:: EXERCISE DETAILS ::
Your reply is to be the lines below, exactly as written, with images omitted.

:: DATA SEGMENT ::
----

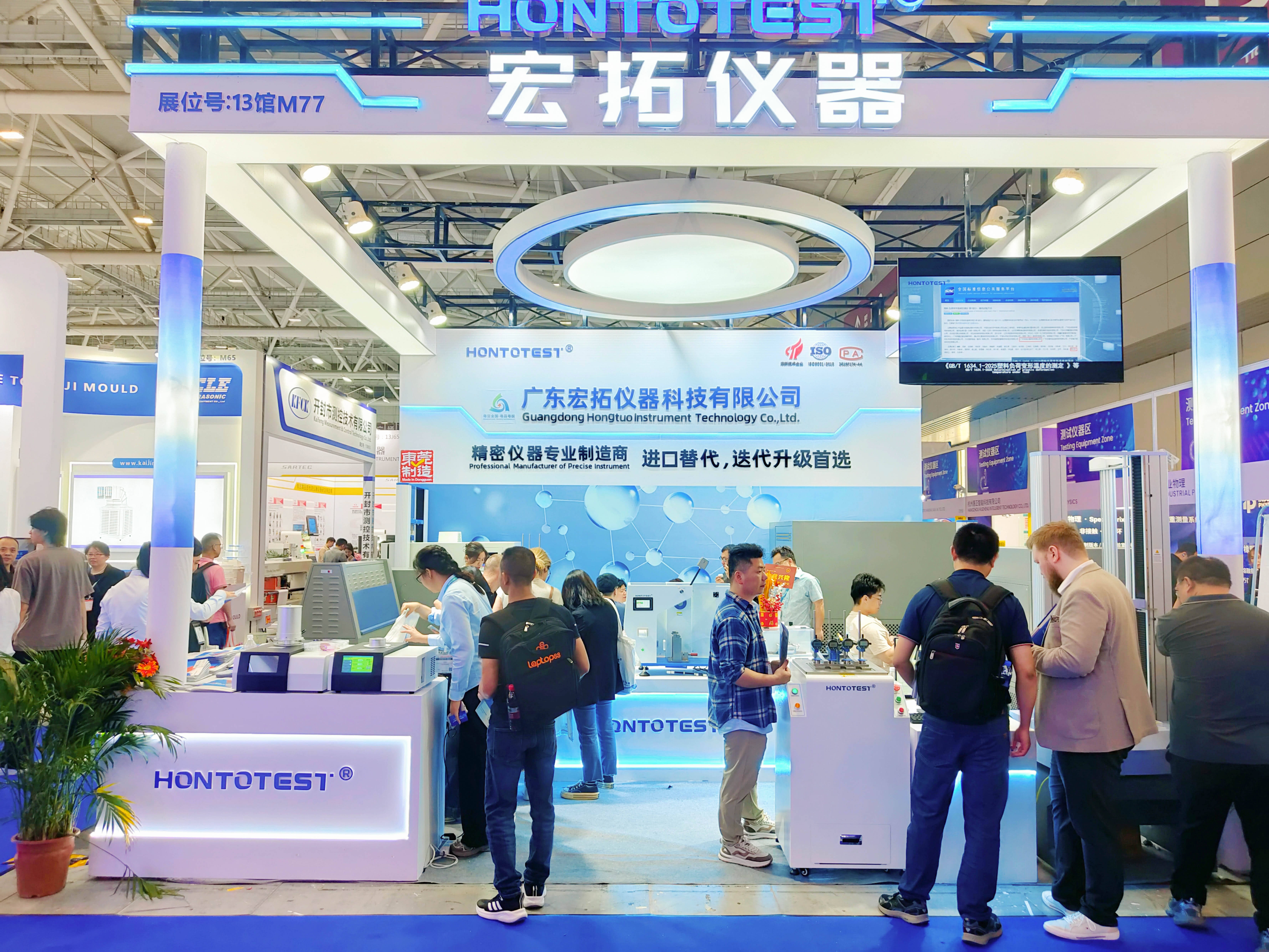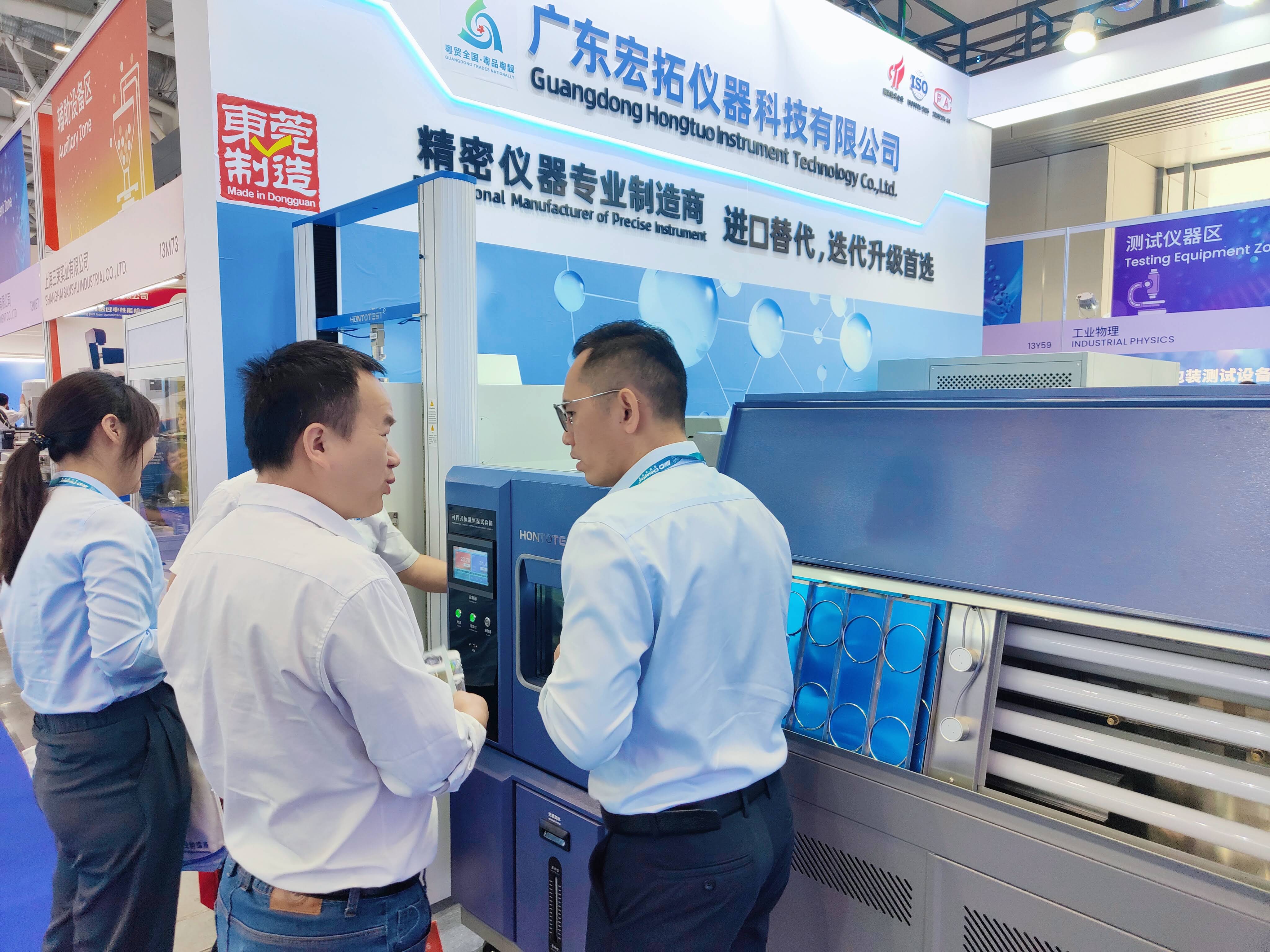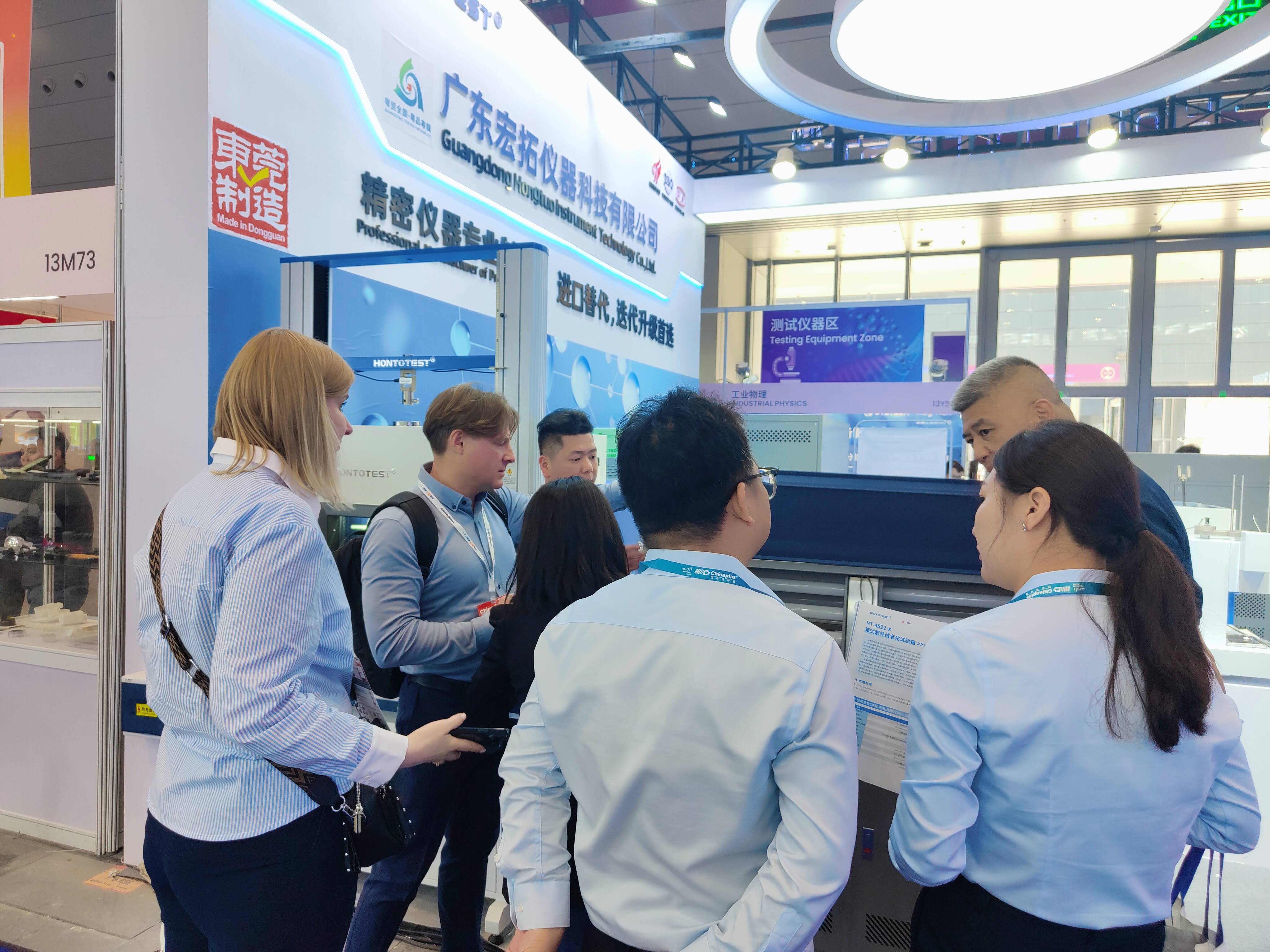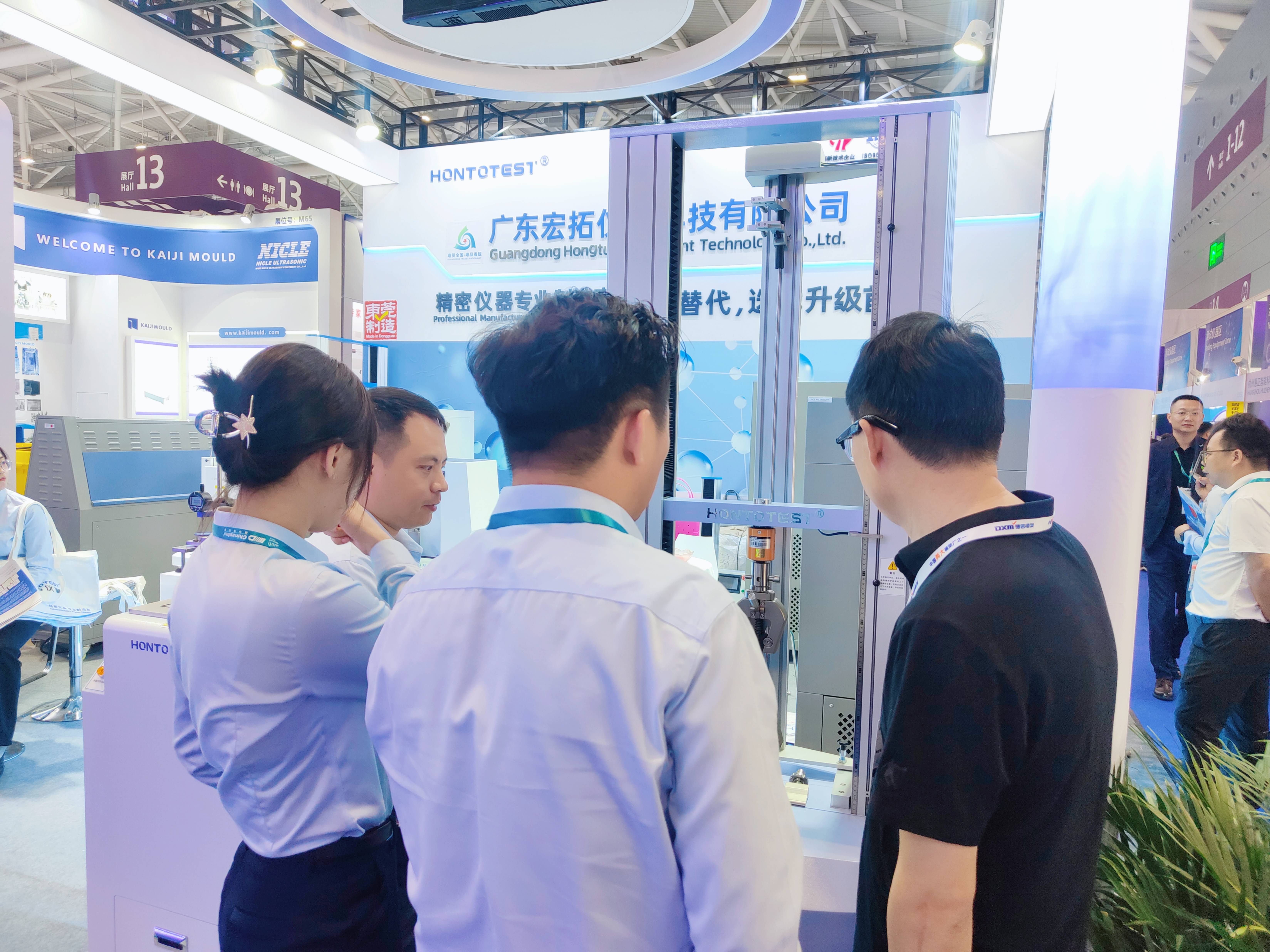 本屆展會上,宏拓儀器展位人潮涌動,絡(luò)繹不絕,卓越的技術(shù)和創(chuàng)新產(chǎn)品吸引了眾多專業(yè)觀眾和行業(yè)合作伙伴駐足關(guān)注。其中我司新品:紫外線老化試驗箱,差示掃描量熱儀,可程式恒溫恒濕試驗箱,萬能材料拉力試驗機(jī)等創(chuàng)新產(chǎn)品,彰顯宏拓儀器在塑料檢測儀器上不斷進(jìn)取和追求卓越的精神。
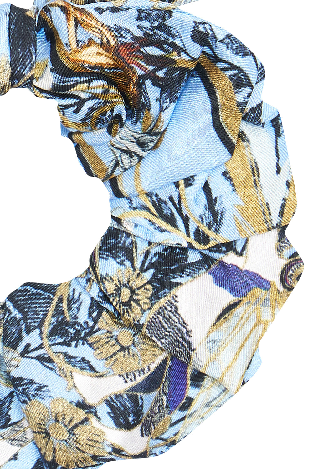 A staple accessory with a feminine mystic touch, the Fairy Fountain Scrunchie showcases the gentle fairytale blue hues of this magical print. Crafted in buttery soft silk, this scrunchie is an effortless statement that ensures
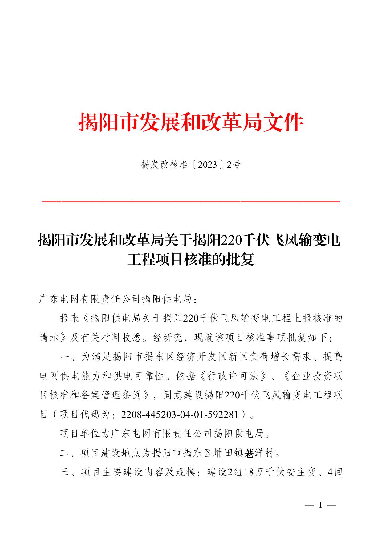 揭阳市发展和改革局关于揭阳220千伏飞凤输变电工程项目核准的批复.pdf

----

:: EXERCISE SOLUTION ::
 本屆展會上,宏拓儀器展位人潮涌動,絡(luò)繹不絕,卓越的技術(shù)和創(chuàng)新產(chǎn)品吸引了眾多專業(yè)觀眾和行業(yè)合作伙伴駐足關(guān)注。其中我司新品:紫外線老化試驗箱,差示掃描量熱儀,可程式恒溫恒濕試驗箱,萬能材料拉力試驗機(jī)等創(chuàng)新產(chǎn)品,彰顯宏拓儀器在塑料檢測儀器上不斷進(jìn)取和追求卓越的精神。
 A staple accessory with a feminine mystic touch, the Fairy Fountain Scrunchie showcases the gentle fairytale blue hues of this magical print. Crafted in buttery soft silk, this scrunchie is an effortless statement that ensures
 揭阳市发展和改革局关于揭阳220千伏飞凤输变电工程项目核准的批复.pdf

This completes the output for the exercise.